Supplied entries:
◆ ◆ ◆ ◆

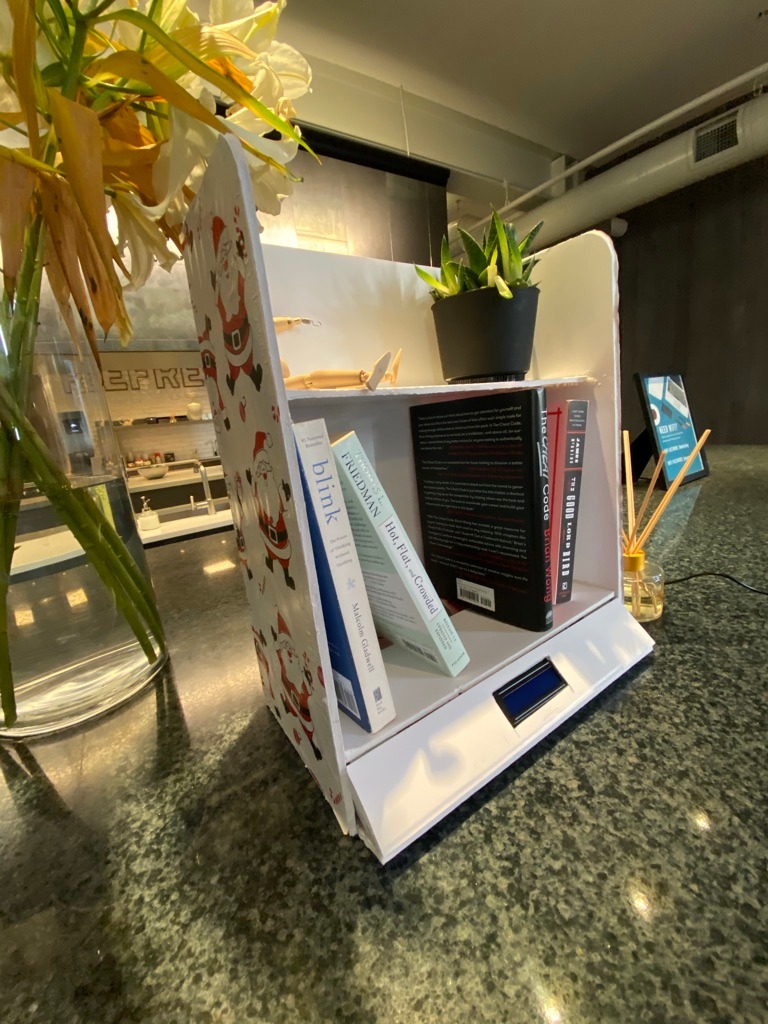 Our team decided to make an ambient bookcase that is connected to other devices, the same bookcase. Once one side of the user picks a book to read from the bookcase, the other side of the device displays the same title and quote. Two devices are connected in distance and help two or many parties to feel more connected to each other by reading the same books because they have something in common to share together.
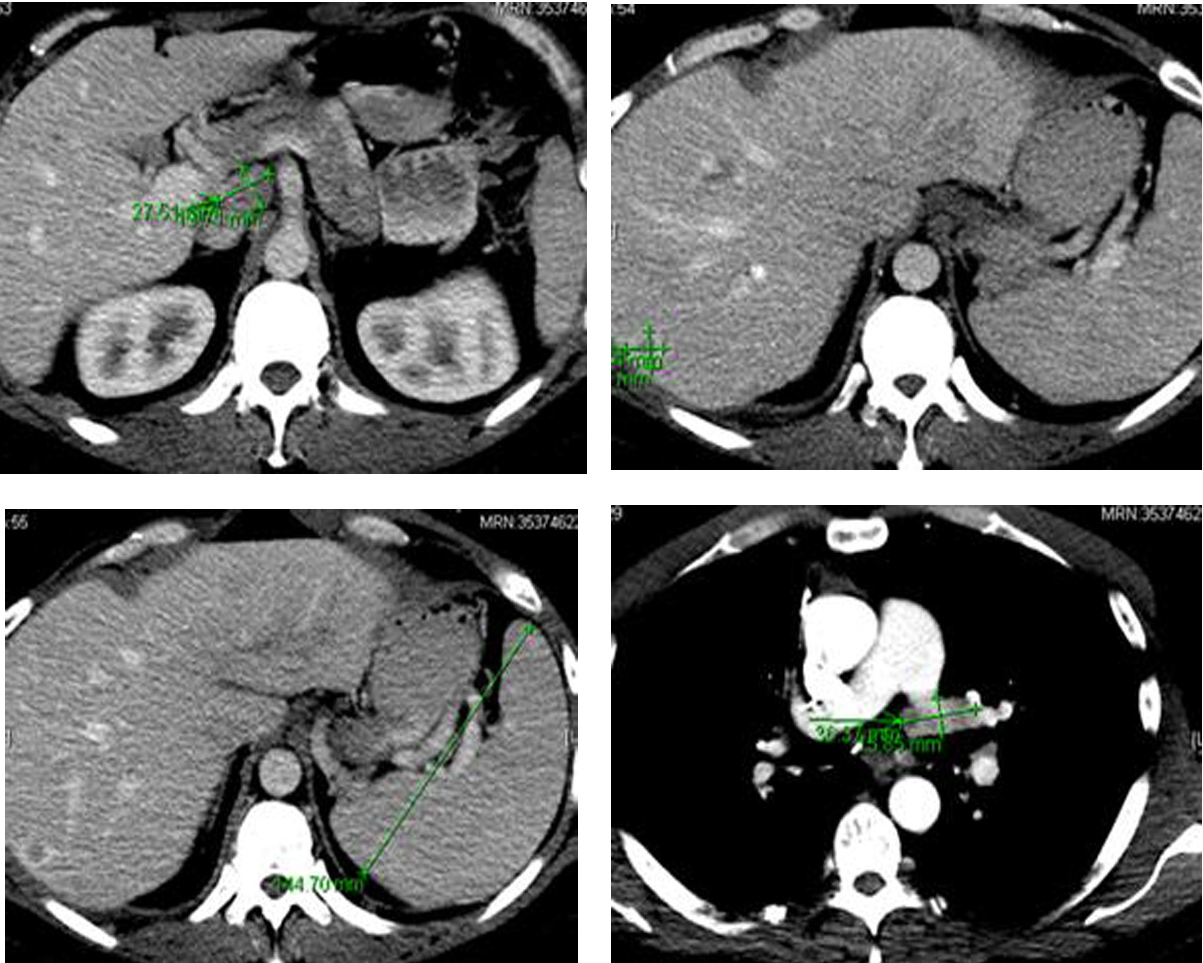 ![]() Click for large image | Figure 6. Computer tomography of the abdomen showing several hepatic metastasis, splenomegaly and abdominal adenopathy. |
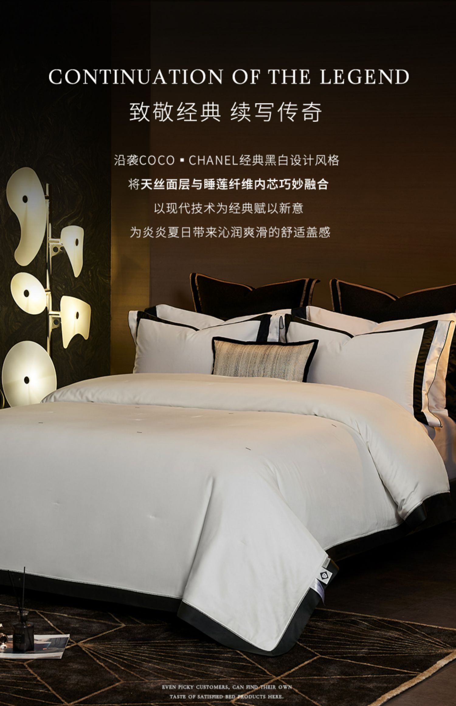 - 源自五星级酒店的奢华家纺品牌,康乃馨首次提出打造“酒店+家纺”的全新概念,将更为严格的五星级酒店纺织品品质标准与家纺相结合,完美诠释“酒店品质家纺”的舒适感受与奢华品味。
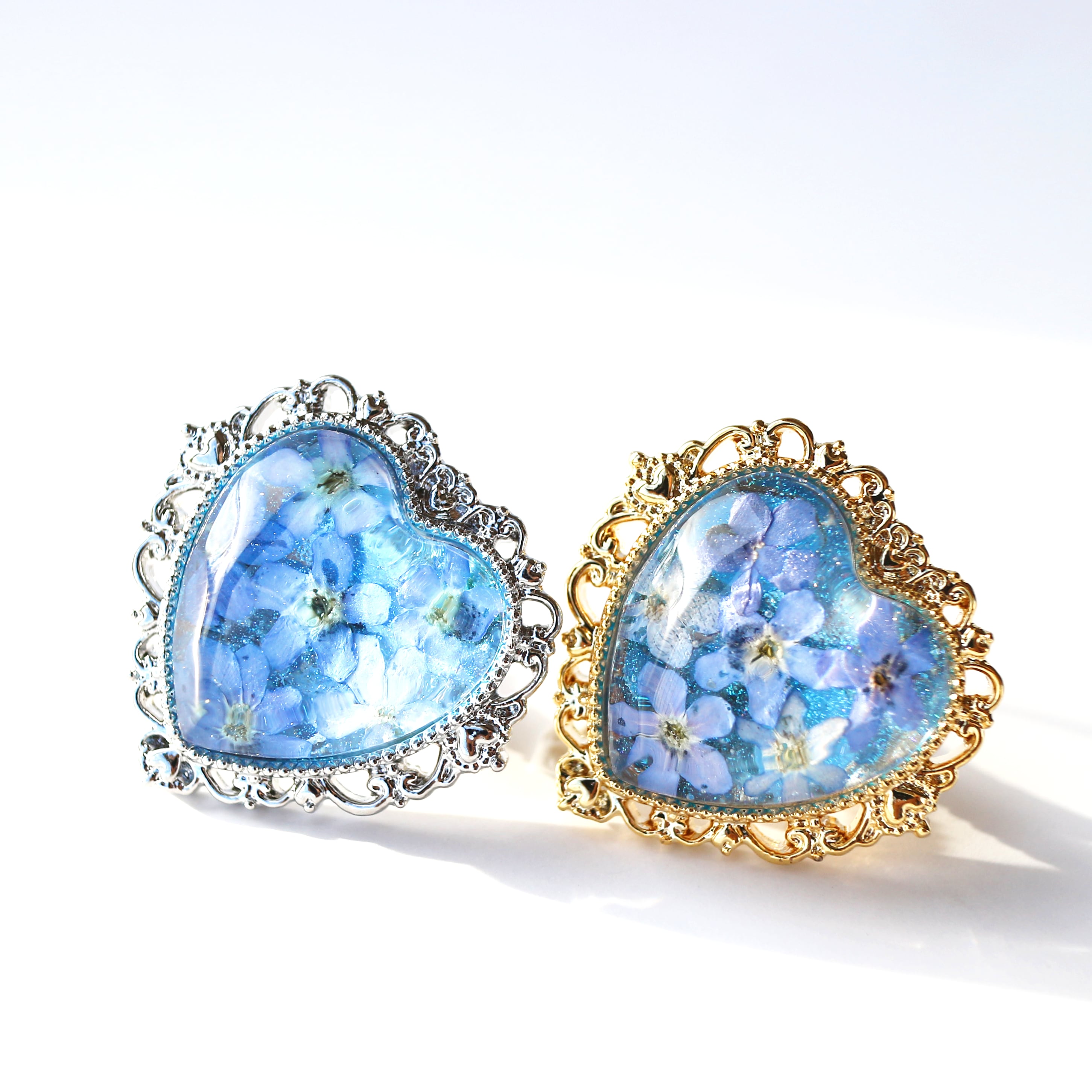 その点を考慮し、押し花を閉じ込める前に淡いブルーのレジンを重ねております。
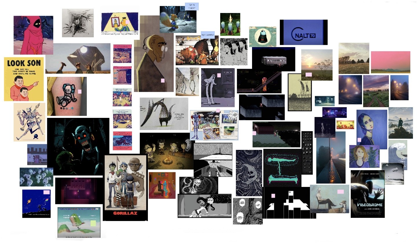 Une longue phase de recherche et d’expérimentation a été nécessaire pour atteindre l’ambition recherchée : création de plusieurs moodboards, analyse de mes références, écriture de récits, storyboards… Cette phase s’est construite comme un processus en entonnoir : partir d’une matière très large, puis affiner progressivement jusqu’aux points clés qui rendent le projet cohérent. L’objectif était de comprendre, avec la plus grande précision possible, ce qui faisait qu’une œuvre me fascinait.

◆ ◆ ◆ ◆

Problem to solve: Leave the images aside and retype each line of the listing above exactly.

Response box:
 Our team decided to make an ambient bookcase that is connected to other devices, the same bookcase. Once one side of the user picks a book to read from the bookcase, the other side of the device displays the same title and quote. Two devices are connected in distance and help two or many parties to feel more connected to each other by reading the same books because they have something in common to share together.
 ![]() Click for large image | Figure 6. Computer tomography of the abdomen showing several hepatic metastasis, splenomegaly and abdominal adenopathy. |
 - 源自五星级酒店的奢华家纺品牌,康乃馨首次提出打造“酒店+家纺”的全新概念,将更为严格的五星级酒店纺织品品质标准与家纺相结合,完美诠释“酒店品质家纺”的舒适感受与奢华品味。
 その点を考慮し、押し花を閉じ込める前に淡いブルーのレジンを重ねております。
 Une longue phase de recherche et d’expérimentation a été nécessaire pour atteindre l’ambition recherchée : création de plusieurs moodboards, analyse de mes références, écriture de récits, storyboards… Cette phase s’est construite comme un processus en entonnoir : partir d’une matière très large, puis affiner progressivement jusqu’aux points clés qui rendent le projet cohérent. L’objectif était de comprendre, avec la plus grande précision possible, ce qui faisait qu’une œuvre me fascinait.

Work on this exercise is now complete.